In many respects, the I/O is the most distinguishing aspect of server microprocessors, and it comes in three flavors: memory, coherent, and non-coherent. Server memory interfaces are usually 4 channels wide (~40-50GB/s for DDR3), but some include as many as 8 memory channels. Mainstream designs favor DDR interfaces, while high-end designs often use high-speed serial interfaces to specialized DIMMs for better pin-count, capacity, and bandwidth. Most server microprocessors integrate coherent interconnects for creating multi-socket shared memory systems. Intel QuickPath and AMD Hypertransport are the most common examples, and target 32-40GB/s per link. Server chips have 2-6 coherent links depending on the market; highly scalable servers require greater connectivity and tend to the top of that range. Non-coherent I/O is used to connect the processor to external devices such as GPUs, networking, and storage. Modern designs have almost entirely settled on PCI-Express and the latest x16 gen 3 interface provides roughly 32GB/s, although some systems use serial interfaces to PCI-Express bridge chips to decouple processor upgrades from I/O upgrades.

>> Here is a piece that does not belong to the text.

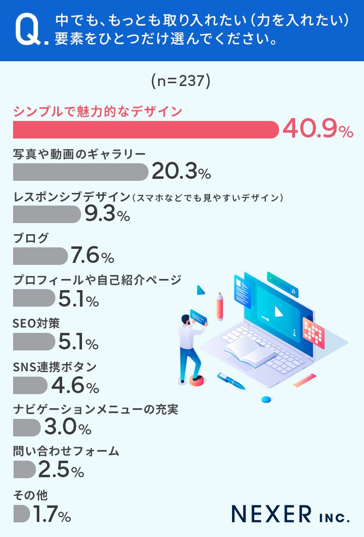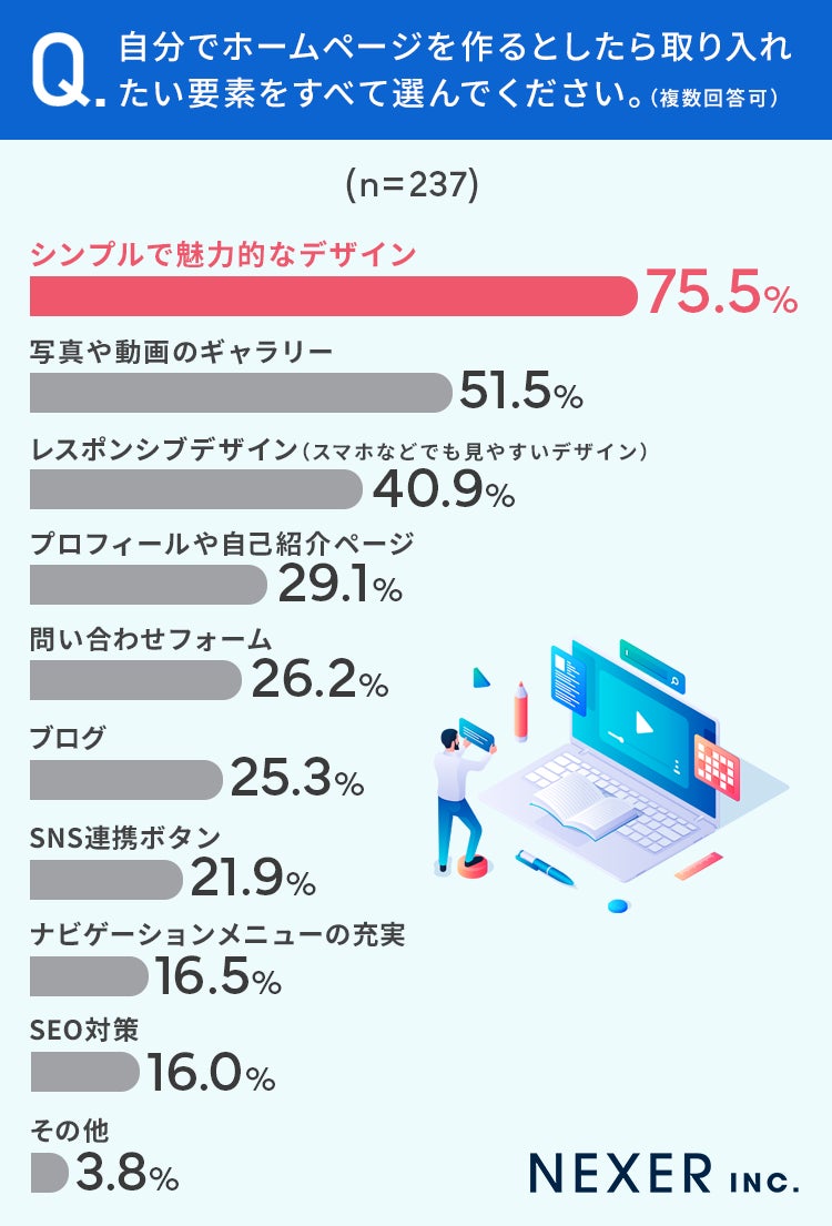 【自分でHPを作るとしたら?】75.5%が「シンプルで魅力的なデザイン」にしたい

The system infrastructure is perhaps the most imprecisely defined portion of a server microprocessor, and encompasses the rest of the chip. The system infrastructure usually consists of shared functionality. One major element is a coherent on-die fabric that connects the cores to the LLC and other components; although in some designs (e.g., Intel’s ring) that area is part of the LLC itself, rather than a discrete block. The memory and cache coherency controllers are closely coupled to the on-die fabric, for latency reasons. The more common fabric topologies are crossbars and rings, although some systems use a combination of the two. Power management and debugging are small, but crucial elements as well. Some servers also incorporate directory caches to reduce coherency traffic, and specialized hardware for encryption or networking.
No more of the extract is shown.